Is it just me, or is diety stuff a huge fad right now or something? (you know, like vans)


----------



## Windowlicker (Oct 22, 2007)

DJskeet said:


> Is it just me, or is diety stuff a huge fad right now or something? (you know, like vans)


vans..
a fad?
lol


----------



## zachdank (Jun 15, 2005)

DJskeet said:


> a huge fad right now or something? (you know, like vans)


----------



## XSL_WiLL (Nov 2, 2004)

Vans is not a fad... they've been around...
Deity is a great company with some cool products.


----------



## BWVDubya (Nov 19, 2007)

Vans are definately not a fad like Will says, I agree with his comment on Deity as well but I just cant wait any longer so Im ordering Holzfeller bars and stem


----------



## combatkimura (Jul 17, 2007)

Saying things are a fad is a fad. If you hate someone for being a "fanboy" you are just a bigger jealous fanboy of something else.


----------



## BWVDubya (Nov 19, 2007)

combatkimura said:


> Saying things are a fad is a fad. If you hate someone for being a "fanboy" you are just a bigger jealous fanboy of something else.


LMFAO, great points


----------



## .WestCoastHucker. (Jan 14, 2004)

DJskeet said:


> Is it just me, or is diety stuff a huge fad right now or something? (you know, like vans)

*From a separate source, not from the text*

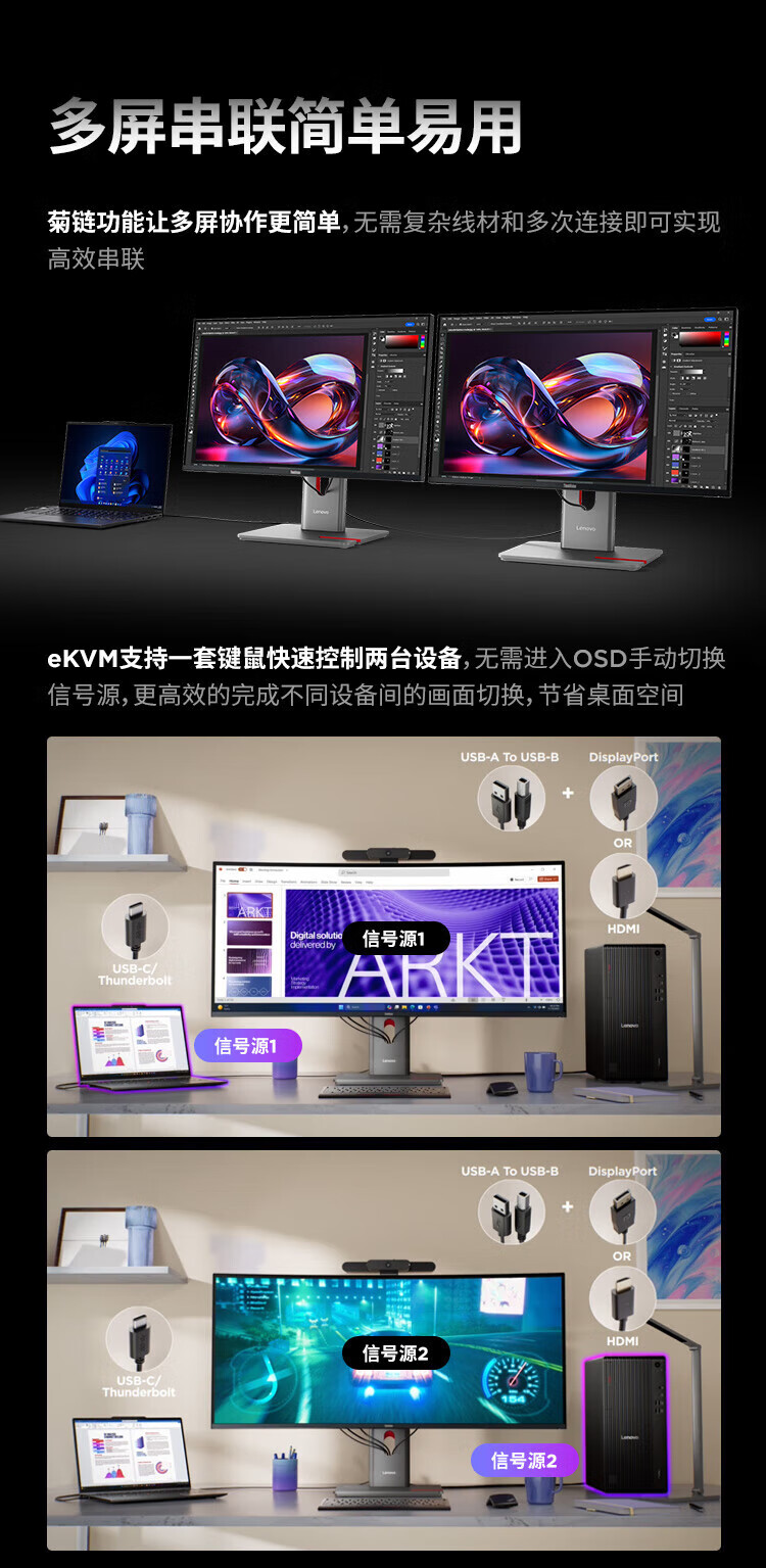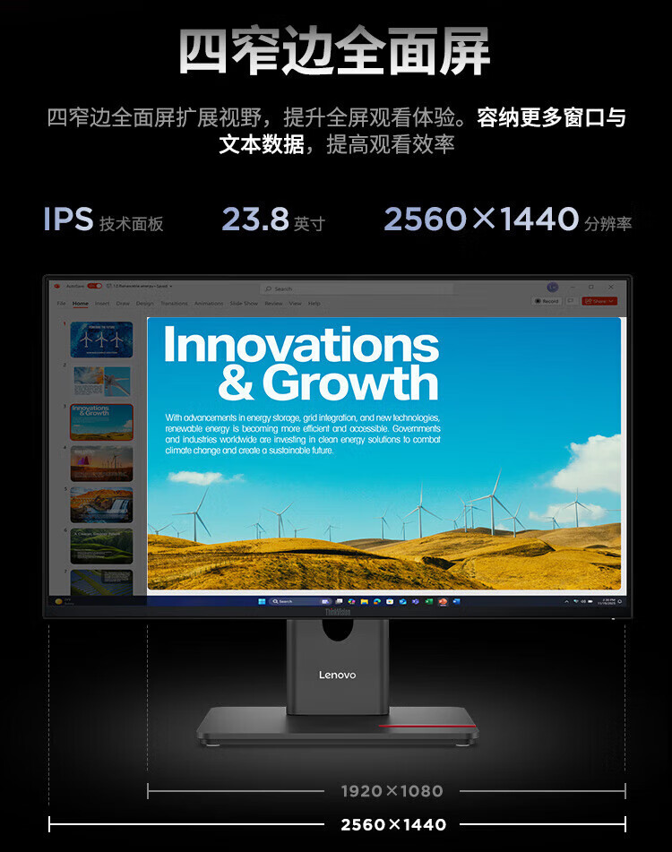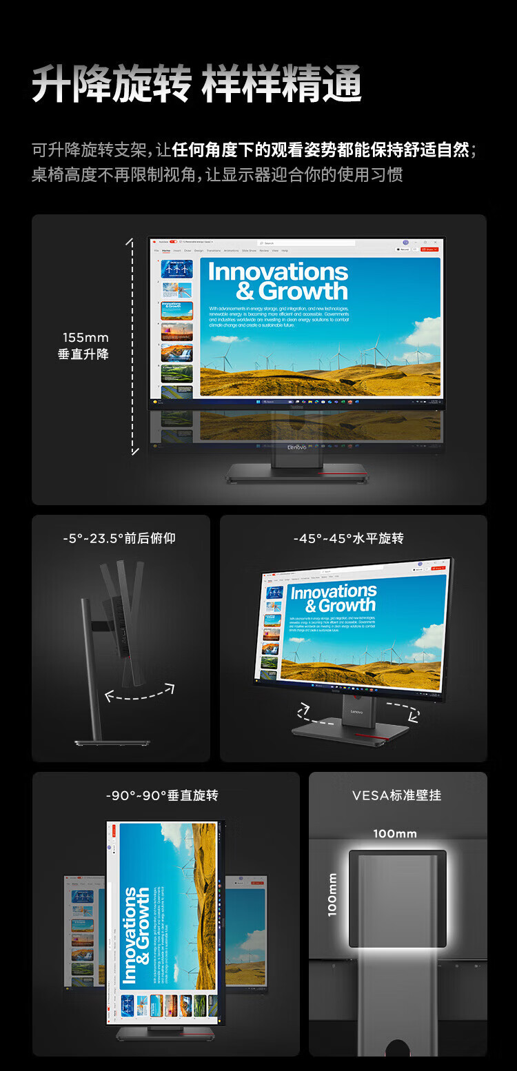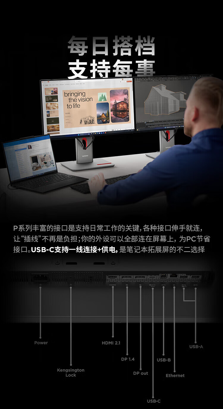 Lenovo ThinkVision 23.8-inch monitor 2K 120Hz high refresh IPS screen Type-C140w interface TUV certified hardware low blue light lift rotating bracket display P24QD-40

i don't relly care if something is a "fad" or not. but being dumb enough to call something that has been around for 42 years a "fad", is the same reason we all think you are an idiot....


----------



## Uncle Cliffy (Jul 7, 2006)

DJskeet said:


> Is it just me, or is diety stuff a huge fad right now or something? (you know, like vans)


----------



## DJskeet (Oct 19, 2007)

Sure its been around a while, but that doesn't mean every kid with a hard tail, one brake, super short chain stay, slammed seat, and 80mm fork has to get them just so they can have the words diety on their stem. Especialy when they already have good stem.


----------



## Windowlicker (Oct 22, 2007)

DJskeet said:


> Sure its been around a while, but that doesn't mean every kid with a hard tail, one brake, super short chain stay, slammed seat, and 80mm fork has to get them just so they can have the words diety on their stem. Especialy when they already have good stem.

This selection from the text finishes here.